2022年8月

2022年8月25日 (木)

感想戦
(感想戦)

豊島九段

藤井王位

豊島九段

藤井王位

以上で、お~いお茶杯第63期王位戦七番勝負第4局の中継を終了いたします。次戦、第5局は9月5、6日(月、火)に静岡県牧之原市「平田寺」で行われますので、お楽しみに。本日はご観戦ありがとうございました。

終局後
(インタビューのあと、両対局者は大盤解説会場に向かった)

大盤解説会場

藤井王位

「本日は大盤解説会に多くの方にお越しいただきまして、ありがとうございます。本局は構想の立て方や形勢判断がとても難しい将棋で、長考しても分からないところが多かったと思います。また一週間少し辺りで第5局があるので、そちらもしっかり、いい状態で臨めるようにやっていきたいと思います」(藤井)

豊島九段

「多くの方にお越しいただきまして、ありがとうございました。何回か悪手があって競り合いの将棋にできなかったのは残念ですが、多くの方にご心配をおかけしましたけれども、今日の対局は体調的に問題なく指せたので、また次局以降も頑張っていきたいと思っています」(豊島)

一礼
(多くのファンの拍手の中、両対局者は会場をあとにした)

終局直後
(終局直後の様子)

藤井聡太王位

■勝った藤井聡太王位のコメント

── 角換わり腰掛け銀で、▲4五銀(43手目)から銀交換になりました。
藤井 ▲4五銀から銀交換になって、こちらが手得をした形にはなったのですが、それを生かせるかどうかは難しいと思っていました。

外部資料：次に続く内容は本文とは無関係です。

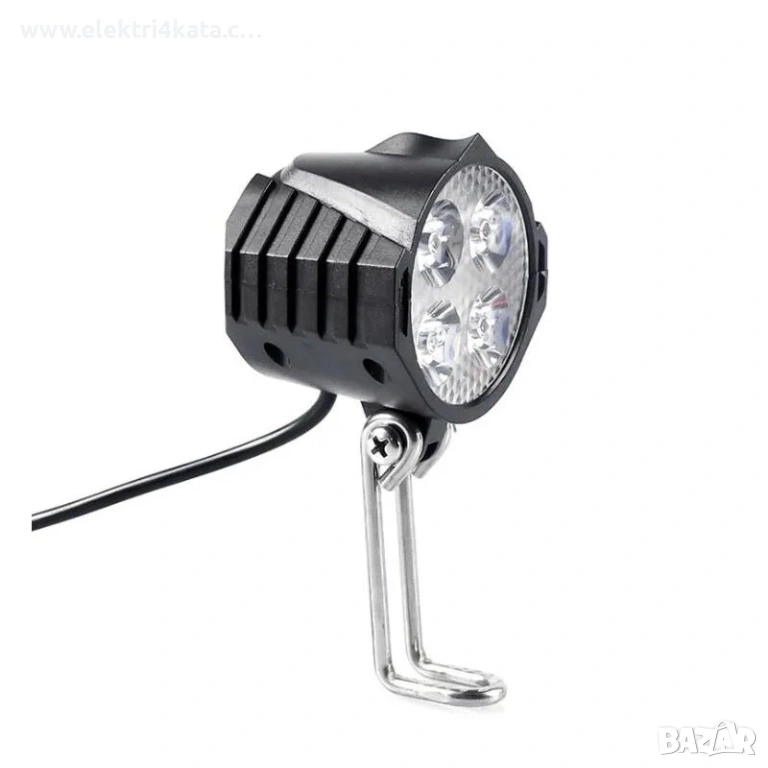Мощен LED фар с вграден клаксон за електрически велосипеди, скутери и
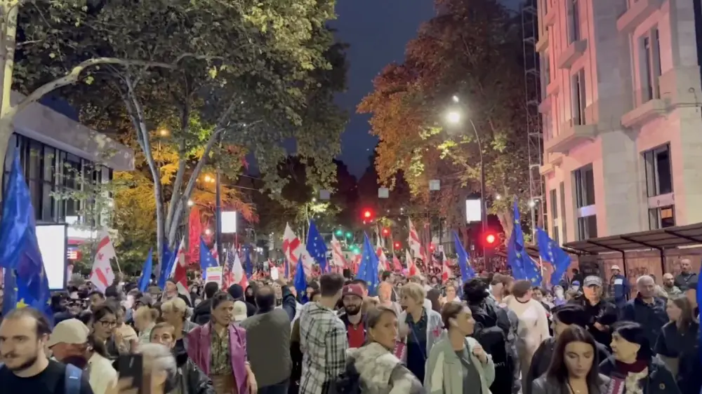 Протестующие собрались у здания Тбилисского госуниверситета, оттуда направились к парламенту Грузии.

── そのあと▲4七玉(51手目)~▲5五歩と、中央を手厚くする構想でした。
藤井 先手なので主張を作りにいかなくてはいけないと思って▲5五歩と突いたのですが、ただ、△6三角と打たれてみると4七の玉が不安定なので、ちょっと失敗したのかなと思っていました。

── 封じ手の△8六銀(56手目)については。
藤井 予想していた手ではなかったのですが、ただ、打たれてみて、こちらがどう指すのか難しいと思っていました。

── ▲5六角(59手目)の手応えは。
藤井 手が広いところで、▲5六角もいい位置なのかどうか分からなかったです。

── そのあと8筋から殺到される形になりました。
藤井 △8八飛成(66手目)に▲5八金寄では、あまり自信が持てる展開ではないのかなと思っていました。

── ▲2二銀(79手目)から挟み撃ちにする構想は。
藤井 銀打ちで後手玉にもプレッシャーをかける形になったので、その辺り、流れとしては悪くないのかなと思って指していました。

── 終盤▲3三銀成(89手目)~▲4一銀が鋭かったのですが。
藤井 本譜の形が詰まなければ、という風には考えていました。

── 一局を振り返って。
藤井 序盤から見慣れない形で、局面の判断であったり、構想を立てたりが難しかったと思います。

── 次戦に向けて。
藤井 第5局は10日後ぐらいということで、それまでにしっかり準備をして、またいい状態で臨めればと思います。

豊島将之九段

■敗れた豊島将之九段のコメント

── 角換わり腰掛け銀の序盤戦、▲4五銀(43手目)から銀交換になりました。序盤の駒組みはいかがでしたか。
豊島 ちょっと手が遅れているのでそんなに自信はなかったですが、仕方のない展開とは思っていました。

── 先手が▲5五歩(53手目)から盛り上がる構想はいかがでしたか。
豊島 △6三角(54手目)があまりよくなかったかもしれません。もうちょっと待つしかなかったかもしれません。指す手は難しいですが、△7二金と指さないといけなかったかなと思います。それでも5筋の位を取られているので、最終的には打開されてまずくなっているかもしれないけど、本譜はよくなかった気がします。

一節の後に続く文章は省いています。